Für die weitere Rekonstruktion des Verbrechens ließen die Ermittler nun unter anderem Bildaufnahmen anfertigen, um den Tatort virtuell darzustellen. Demnach fanden dort am Montag dieser Woche in Zusammenarbeit mit Spezialisten des Landeskriminalamts Baden-Württemberg „weitere kriminaltechnische Nacharbeiten“ statt, auf die die Polizei und die Staatsanwaltschaft in ihrer Mitteilung jedoch nicht weiter eingingen.
Die Wohnung des 42-jährigen Tatverdächtigen in der Offenburger Weststadt ist nach Angaben der Behörden nach wie vor beschlagnahmt. Allerdings hätten – „entgegen anderslautenden Informationen“ – in dem Haus neben der Festnahme im Zusammenhang mit dem Tötungsdelikt keine weiteren Polizeieinsätze stattgefunden.

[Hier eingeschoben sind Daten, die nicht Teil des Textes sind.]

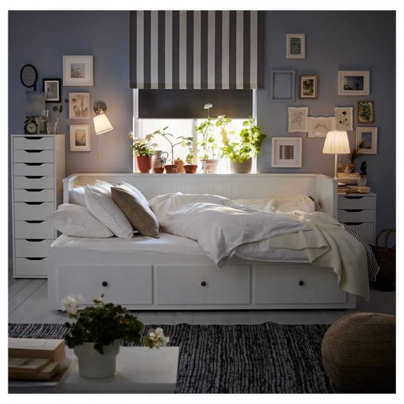 Хемнэс – очень известная мебель из ассортимента кроватей Ikea, в которой есть три ящика. Она выпускается только в белых цветах. Плюсами этого спального места являются: симпатичный дизайн, который подойдет к любой комнате, использование в производстве экологически чистых материалов, длительный срок использованя. Плюс, кроме мест для хранения вещей имеется также дополнительный выкатной ярус.
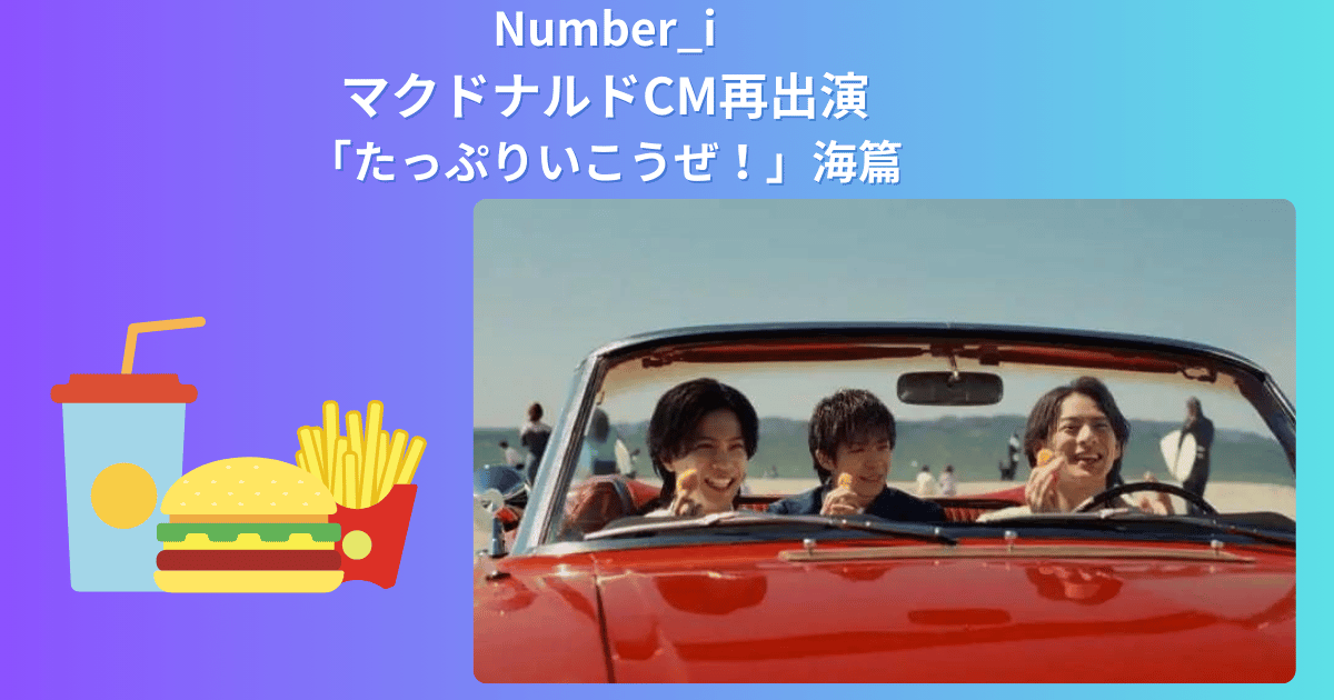 Number_i ナンバーアイ マクドナルド新CM放映!「たっぷりいこうぜ!海」篇 - クマノミ気まぐれblog。

Gefährder- und Gefährdetenansprache
Eine Gefährderansprache kann die Polizei als vorbeugende Maßnahme zur Bekämpfung von Straftaten einsetzen. Damit wird den Adressaten mitgeteilt, dass sie unter polizeilicher Beobachtung stehen. Ziel der persönlichen Ansprache ist eine Änderung des Verhaltens der Gefährder. Dagegen soll die Gefährdetenansprache laut Polizeigesetz potenziell gefährdete Personen darüber aufklären, dass sie als Opfer der drohenden Straftat in Betracht kommen.